Open Sound Control (OSC) について
OSC とは
簡単に言うと「コンピュータやシンセサイザー、マルチメディア・ツール等の間で、ネットワーク上でリアルタイムにコミュニケーションを図る為の通信プロトコル」です。
通信速度や転送データの柔軟性を向上させた MIDI の後継的規格として開発されました。
Wikipedia の OSC 欄に詳しく書いてあるので参照してください。
ただ現時点で初心者目線で感じたのは、やはり「音楽用途としては、MIDI の方が普及していてわかりやすい」と思いました。
実際、MIDI と役割的にかぶる事が多くて、「これなら MIDI を使った方が簡単」と思う部分もあるので、適材適所でチョイスするのがいいでしょう。
しかし OSC は、音楽用途だけじゃなく、映像系や Web 系ツール、プログラミング言語等とも連携が取れるので、マルチメディア全体での連携ツールと考えると MIDI より遥かに可能性を感じます。
また、OSC はネットワークを使用するので、MIDI の様に専用機器を買ったりする必要が無い分、廉価で済むという利点もあります。
ちなみに、OSC メッセージを送信する側を OSC クライアント、受信する側を OSC サーバーと言います。
OSC 受信設定
環境設定パネルの OSC タブを開きます。
そして上段にある "Enable Server" をオンにするだけで、Renoise OSC サーバーが起動し、受信可能状態になります。

Enable Server
ここをオンにする事で Renoise OSC サーバーが起動します。
OSC サーバーを起動すると、ネットワーク・ポートをリスニング状態にするという事なので、セキュリティに関しては注意をする必要があります。
外部から Renoise を操れるという事は、外部からコンピューターも操れるようになるという事です。
受信メッセージの表示欄
外部から OSC メッセージを受信すると、ここに表示されます。
上の図で、/song/bpm with 1 arguments と表示されていますが、この "arguments"(直訳すると"引数、変数")はパラメーターの値だと思ってください。
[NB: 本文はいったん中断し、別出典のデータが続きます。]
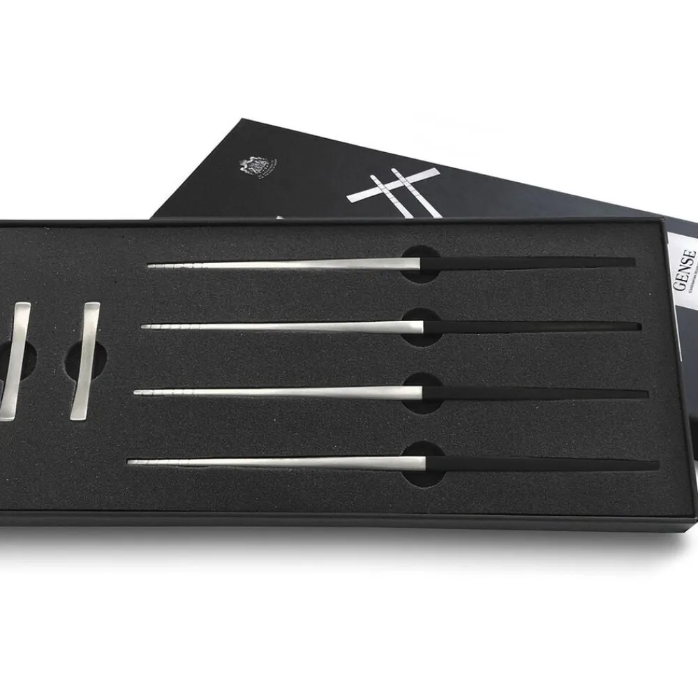 Focus de Luxes spisepinde har de samme stramme og tidløse linjer som Focus de Luxe bestikket. Designet er inspireret af koreanske spisepinde og er udviklet i samråd med koreansk ekspertise. Spisepindene er fremstillet i matpoleret rustfrit stål med en riflet overflade for at gøre det nemmere at fange maden og skafter i sort plast. Formen går fra at være elegant firkantet øverst til at blive rund nederst. Tåler opvaskemaskine, max. 55 °C.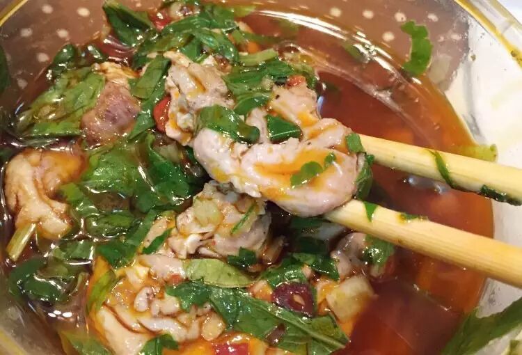 鸡肉是用的乌鸡,还多紧实的,肉也有好几块。配菜不多就黄瓜和芹菜~辣fer fer的,下饭。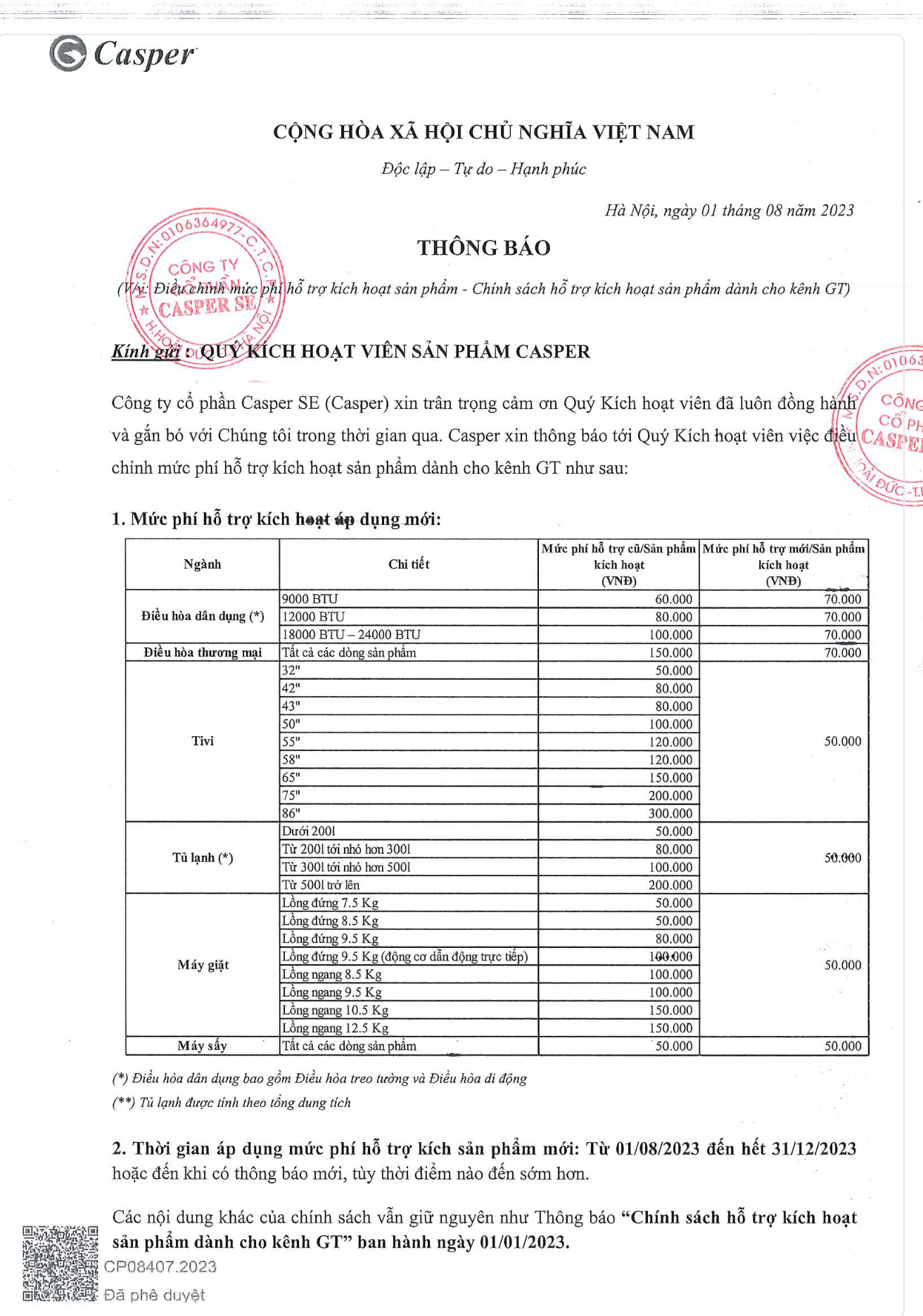 Công ty cổ phần Casper SE (Casper) xin trân trọng cảm ơn Quý Kích hoạt viên đã luôn đồng hành và gắn bó với Chúng tôi trong thời gian qua. Casper xin thông báo tới Quý Kích hoạt viên việc điều chỉnh mức phios hỗ trợ kích hoạt sản phẩm dành cho kênh GT như sau: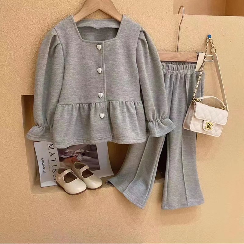 • Grey Ruffled Long Sleeve Flared Pants Suit – 6Y (130)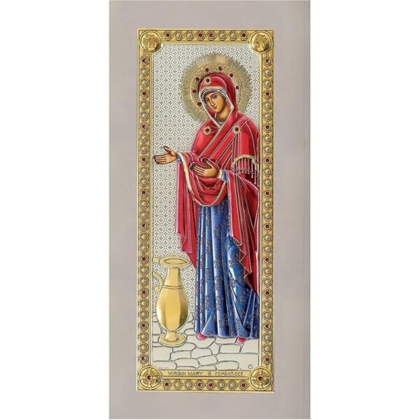 Сребърна икона цветна и с бяла рамка Богородица „Геронтиса“, MA/E1202/WH-EXB 6X12см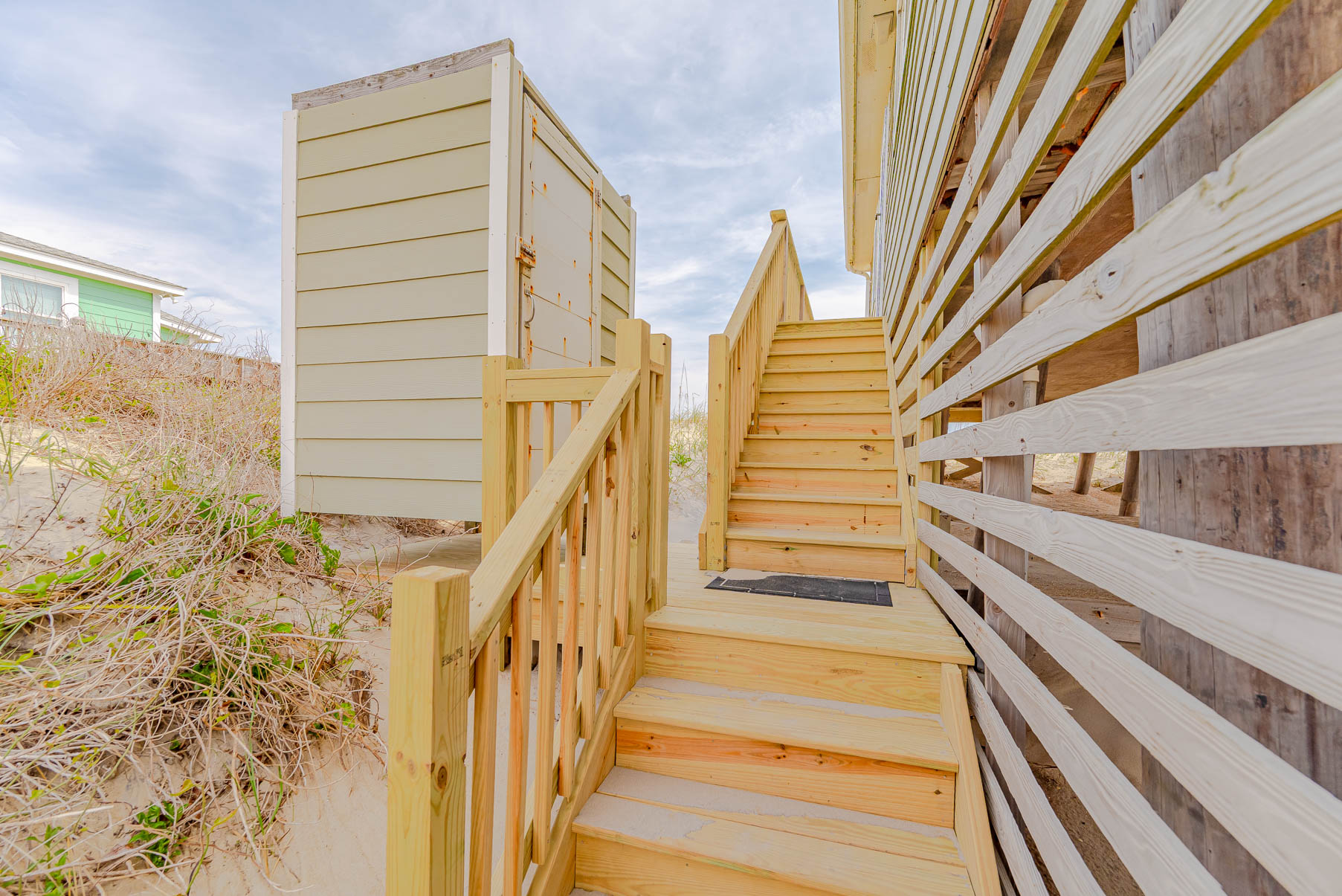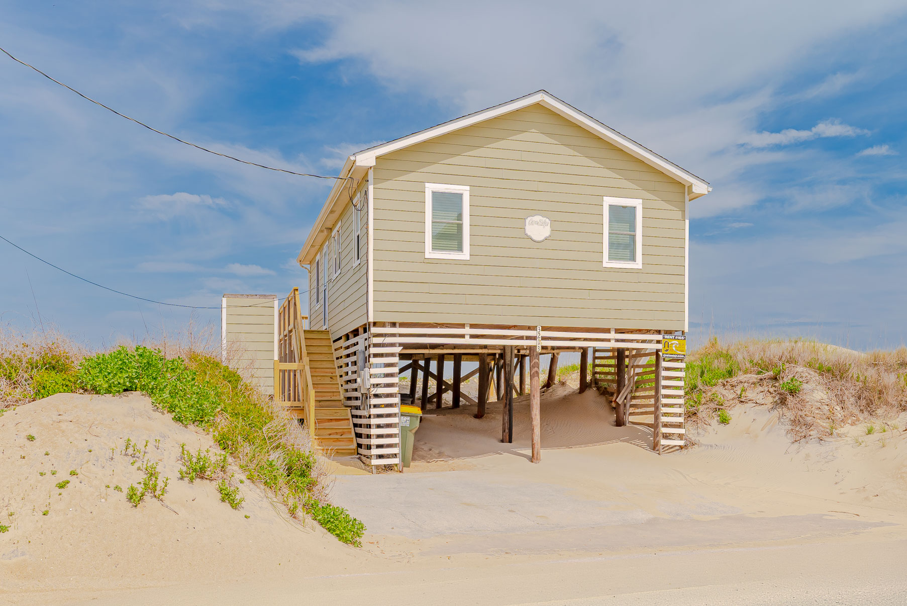 Ground Level: Parking for 2 Cars, Enclosed Outside Shower, and Sand Path to Beach.

その値が間違った形式で書かれていた場合、コマンドの後に (REJECTED)(直訳すると"拒絶された")と表示されます。
Protocol
Renoise のサーバーが使うプロトコルの選択
- Udp・・・転送速度が早く安定しているが、メッセージを確実に伝える信頼性が劣る
- Tcp・・・メッセージを確実に伝える信頼性は高いが、転送速度が劣る
Port
Renoise サーバーがリスニングするポート番号の設定。
マンションに例えると部屋番号のような物だそうです。
一般的には1024より大きい番号を使います。
また、現在使用しているコンピューター以外のクライアントとコミュニケーションする場合、ここで設定したポート番号がファイヤーウォールでブロックされていない事を確認してください。
Renoise OSC コマンド
環境設定パネルの OSC タブの下段に OSC コマンド表があります。
各コマンドを選択すると、下部に簡単な説明が表示されます。

このコマンド表のわかりにくい部分を少し説明します。
XXX
トラックやエフェクターの並び順をここに指定します。
現在選択中のものを指定したい場合は、-1 を使います。
例) /renoise/song/track/3/device/-1/bypass 1
(トラック3で現在選択しているエフェクターのバイパスをオンにする)
(number)・・・数字
コマンドの値に数字を指定せよ、という意味。
数値の指定の仕方はコマンドによって違うので、コマンド表の下部に出る説明を見てください。
現在選択中のものを指定したい場合は、-1 を使います。
例) /renoise/song/bpm 110 (BPMを110に設定)
例) /renoise/song/track/-1/device/-1/set_parameter_by_index 3 0.9
(選択中のトラック、選択中のデバイスの、3つ目のパラメーターを 90% にする)
例) /renoise/trigger/note_on -1 -1 48 127
(選択中のインストゥルメント、選択中のトラック上で、C-4 をベロシティ値 127 で鳴らす)
(boolean)・・・オン/オフ
コマンドの値にオン又はオフを指定せよ、という意味。オンは 1 (true)、オフは 0 (false) で指定します。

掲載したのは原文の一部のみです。